Reviews

Like Crazy, Like Wow

Like Crazy, Like Wow
Like Crazy, Like Wow

If seasonal affective disorder has you down, be aware that 1812 Productions is once again presenting a holiday offering of cheer and laughter with nary an ounce of schmaltz or sentiment. Like Crazy, Like Wow: ’50s Humor with a Holiday Twist looks at an era when comedy made the transition from the “bah-da-BUM” of vaudeville to the syncopated rhythms of the jazz crowd and the longer storytelling stylings of improvisation. With a mission to educate through comedy, the Philadelphia-based theater company offers in this world premiere production a fun (and funny) history lesson.

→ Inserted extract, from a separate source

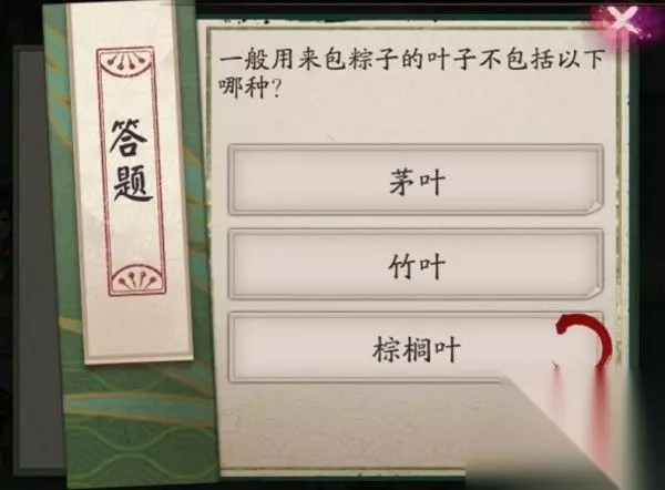 师端午节每日答题包粽子的叶子不包括以下哪种阴阳师的端午节轰动每天都会出上一体有趣的题目答对后就能获得不错的奖励,今天的题目是粽子的叶子不包括以下哪种,想知道的小伙伴快一起来和我看看吧。

Past holiday offerings at the theater have paid homage to the vaudeville circuit, so it is not inappropriate that this year’s show begins by acknowledging that television offered opportunities for vaudeville stars to continue their craft — but those are not the folks who take center stage in Like Crazy, Like Wow. Artistic director Jennifer Childs, who conceived and directed the show as well as being a featured member of the ensemble, focuses on the pioneers who set off boldly in new comic directions. She is joined by Peter Pryor, Scott Greer, and Tony Braithwaite, all of whom offer nearly flawless performances.

While recognizing the contributions of vaudevillians who found some fame on TV — including Rose Marie, who gained renown on The Dick Van Dyke Show in 1961 — the show is more about nightclub performers. As the company puts it, “television comics of the day were revolutionizing television but the nightclub comics were revolutionizing comedy.” So Like Crazy, Like Wow lauds such talents as Woody Allen, Mel Brooks, Shel Silverstein, Bob Newhart, Shelly Berman, and Second City entertainers like Mike Nichols and Elaine May. Comic bits and sketches are interspersed with video montages that capture the spirit of the era and provide context. The performances are not impersonations so much as tributes that capture the essence of the comedy legends and their quirky styles of delivery.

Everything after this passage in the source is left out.